- _Directions_:
Repeat, exactly and in full, the lines of the listing below, but without any pictures.

- _Data below_:
%%

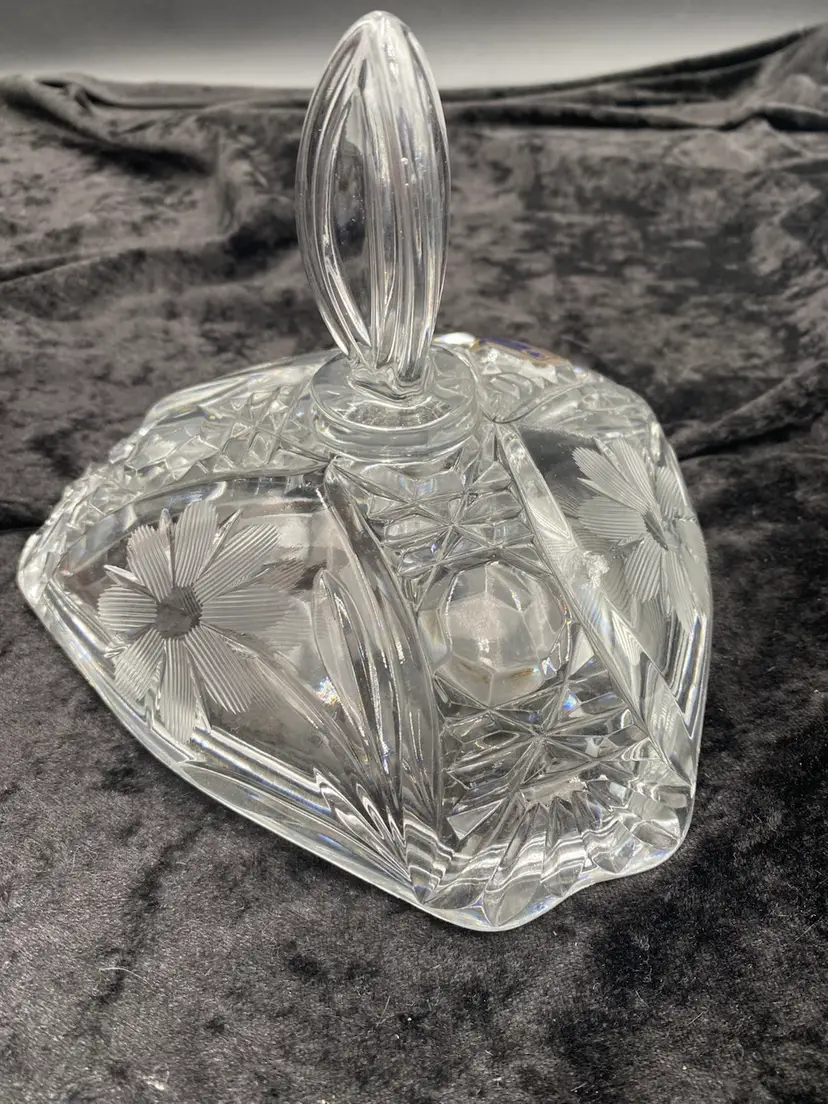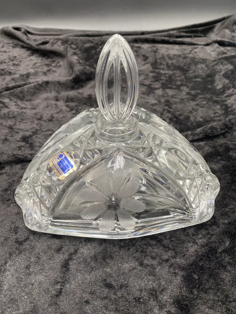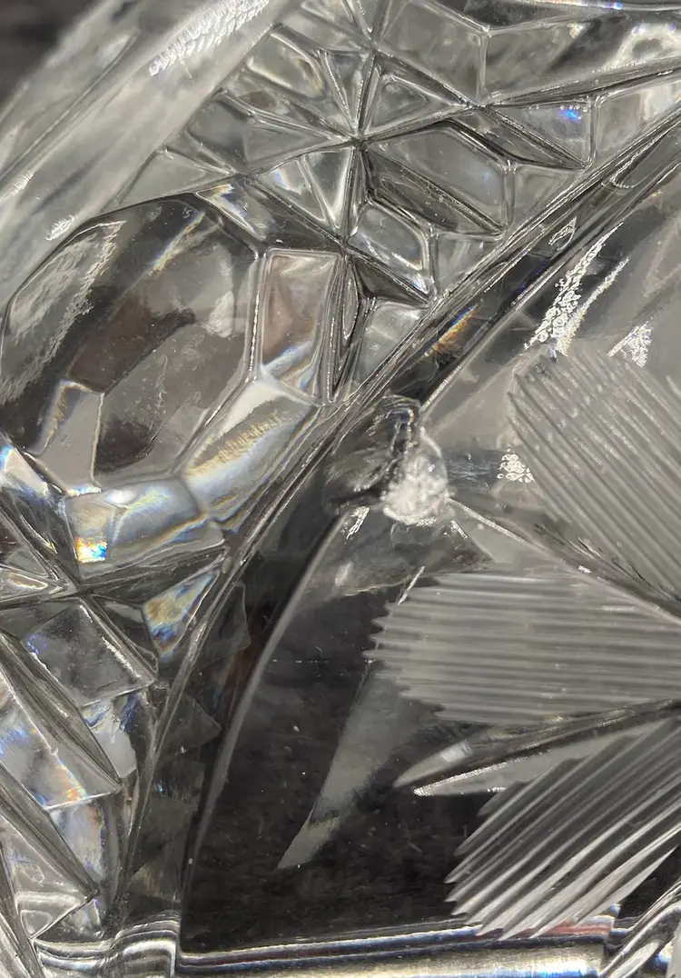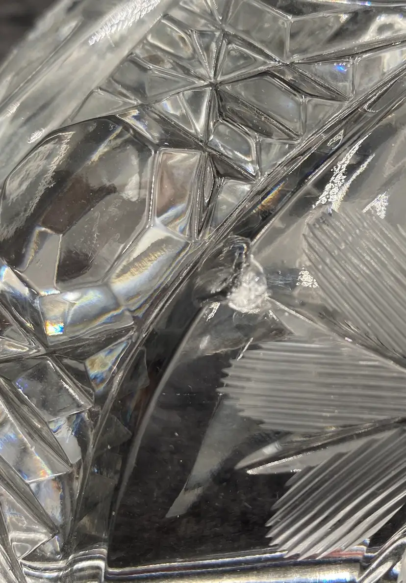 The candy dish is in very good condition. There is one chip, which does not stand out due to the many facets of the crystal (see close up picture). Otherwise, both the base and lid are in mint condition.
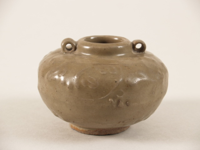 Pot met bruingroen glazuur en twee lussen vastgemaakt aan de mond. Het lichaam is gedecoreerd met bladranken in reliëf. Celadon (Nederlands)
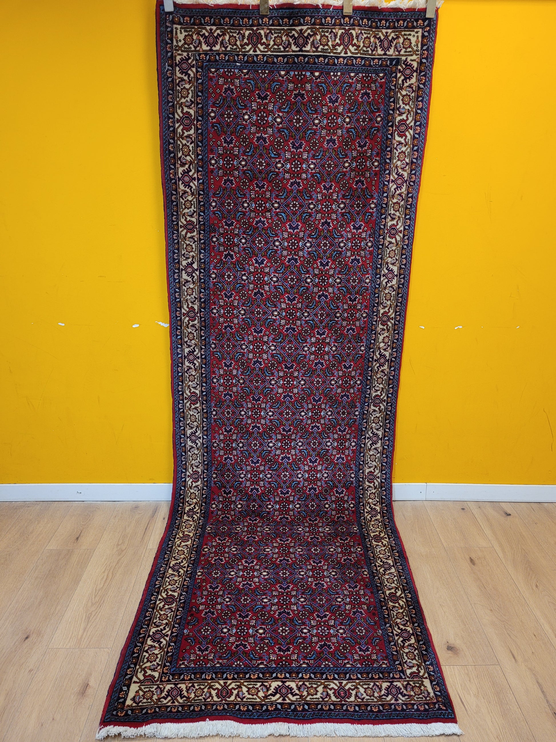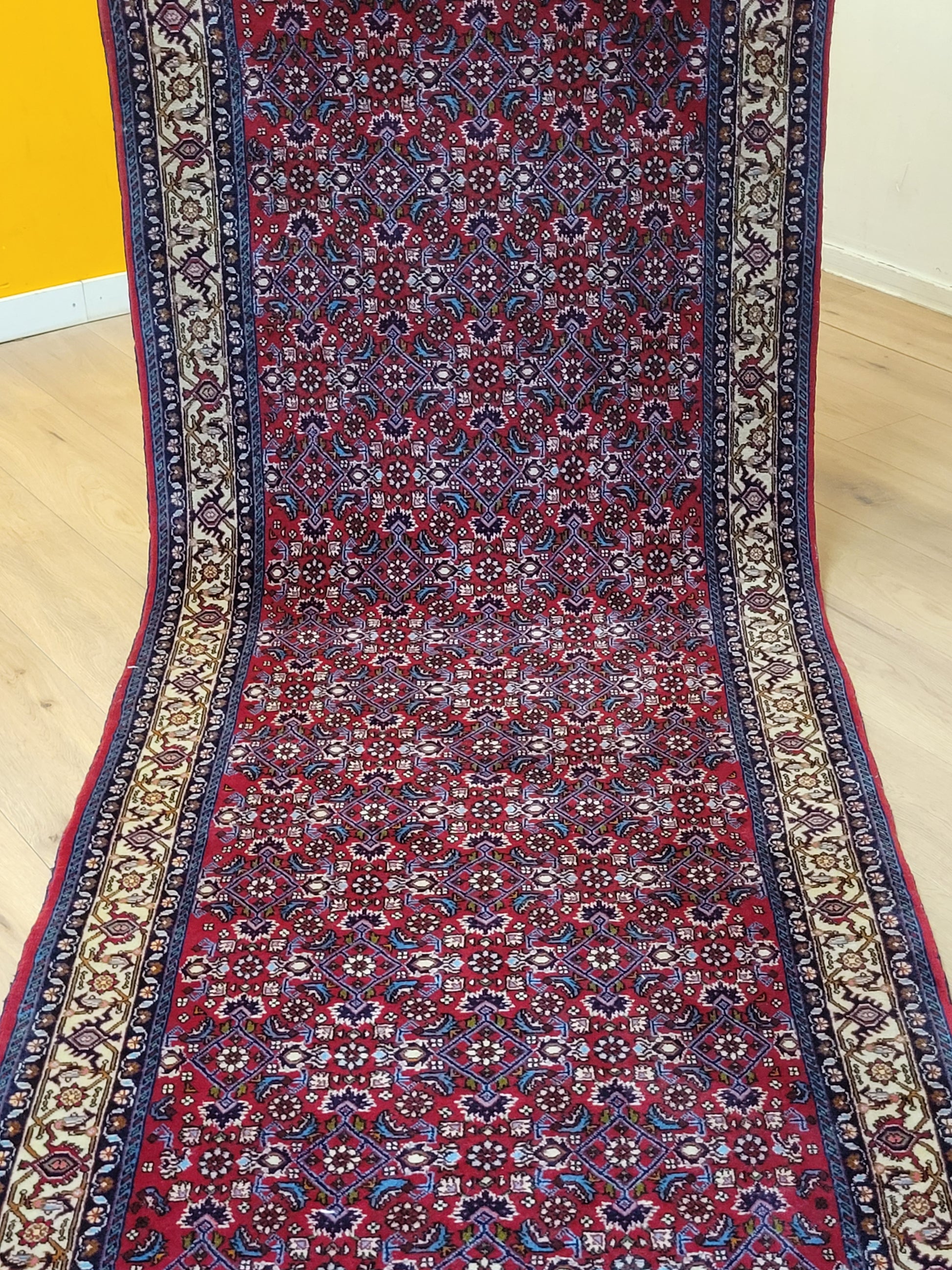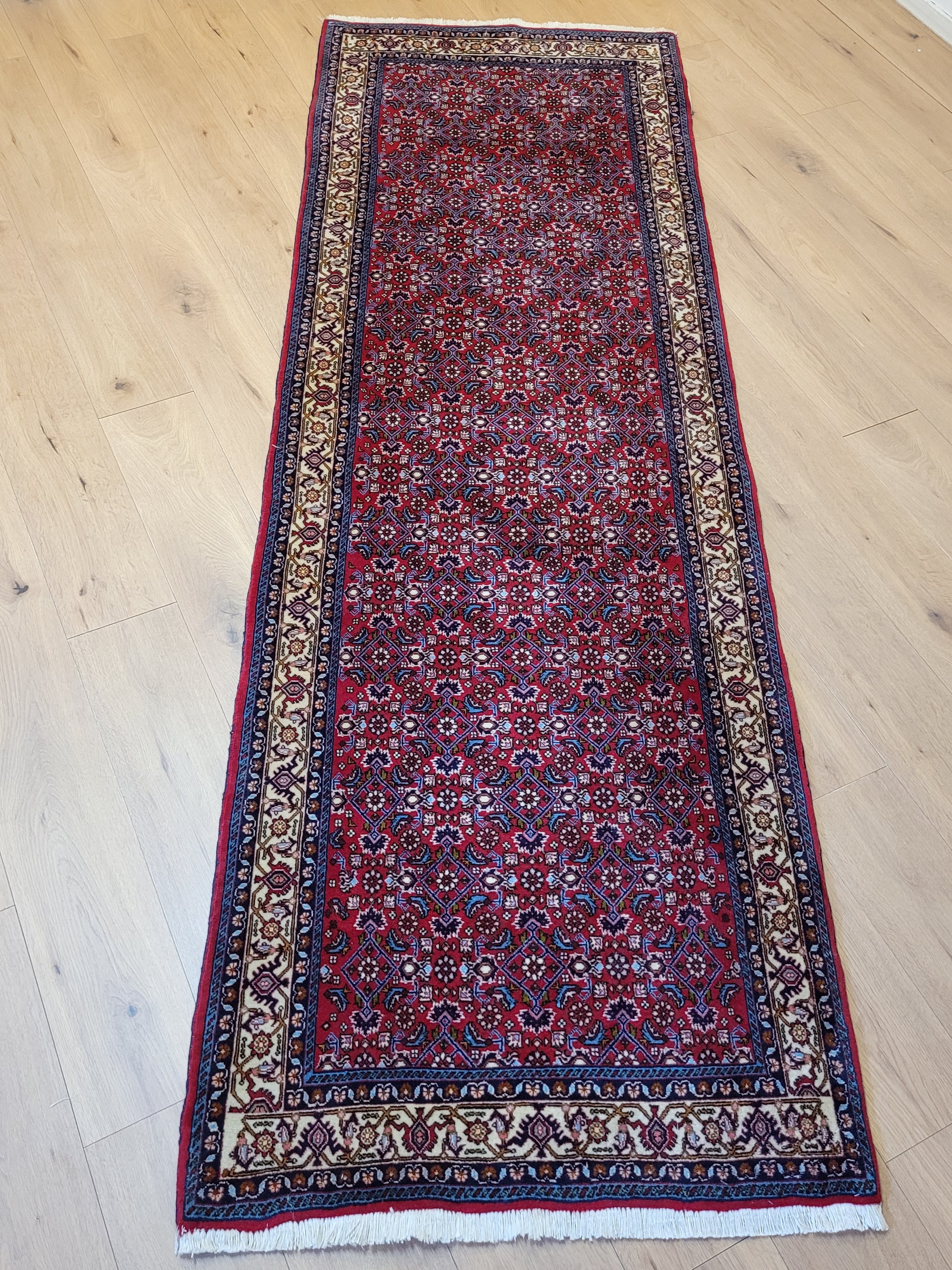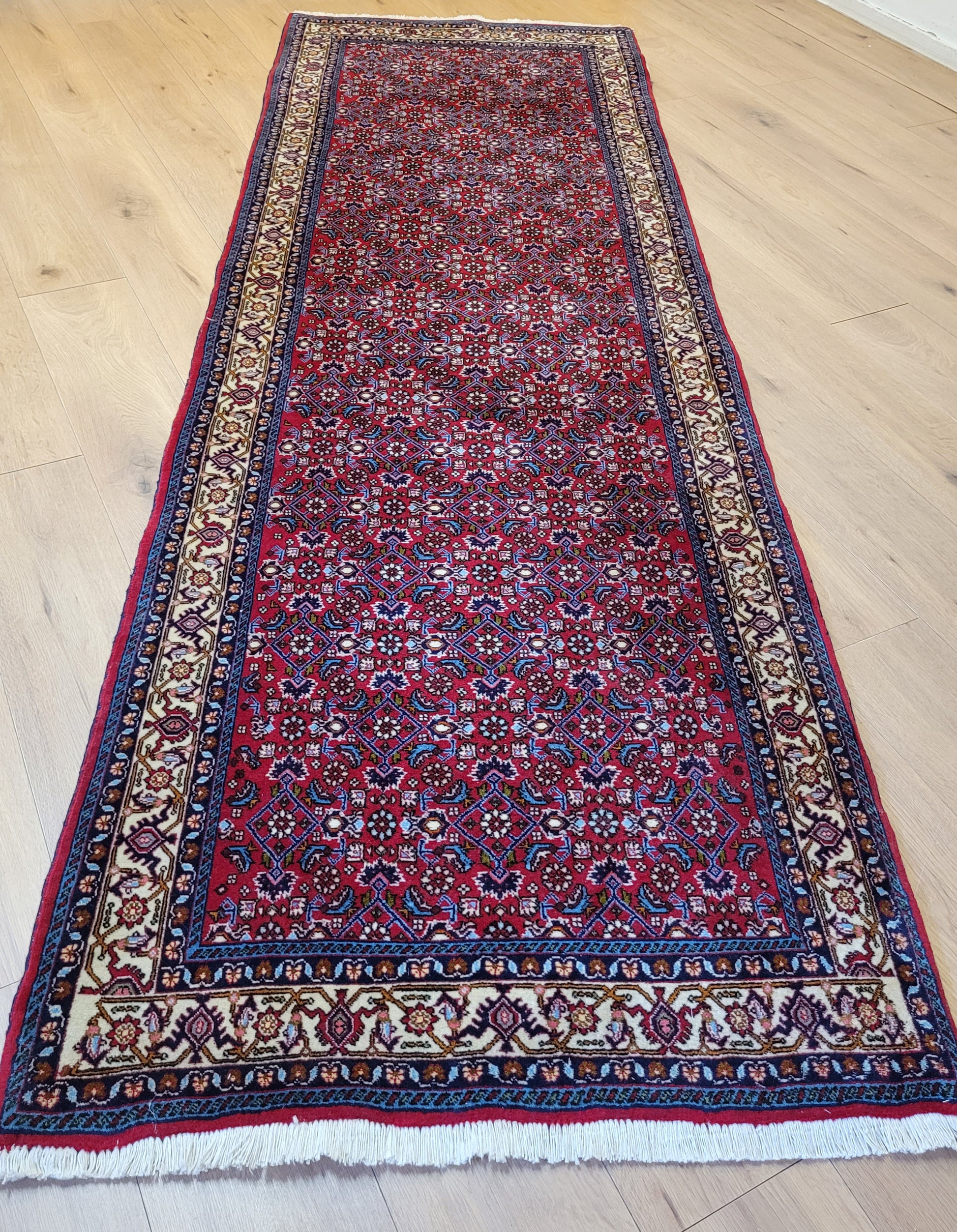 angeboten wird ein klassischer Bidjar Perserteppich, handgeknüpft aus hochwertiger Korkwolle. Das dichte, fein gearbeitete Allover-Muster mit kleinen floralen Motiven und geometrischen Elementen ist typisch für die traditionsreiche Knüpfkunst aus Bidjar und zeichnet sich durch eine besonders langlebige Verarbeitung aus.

%%

- _Response for this exercise_:
 The candy dish is in very good condition. There is one chip, which does not stand out due to the many facets of the crystal (see close up picture). Otherwise, both the base and lid are in mint condition.
 Pot met bruingroen glazuur en twee lussen vastgemaakt aan de mond. Het lichaam is gedecoreerd met bladranken in reliëf. Celadon (Nederlands)
 angeboten wird ein klassischer Bidjar Perserteppich, handgeknüpft aus hochwertiger Korkwolle. Das dichte, fein gearbeitete Allover-Muster mit kleinen floralen Motiven und geometrischen Elementen ist typisch für die traditionsreiche Knüpfkunst aus Bidjar und zeichnet sich durch eine besonders langlebige Verarbeitung aus.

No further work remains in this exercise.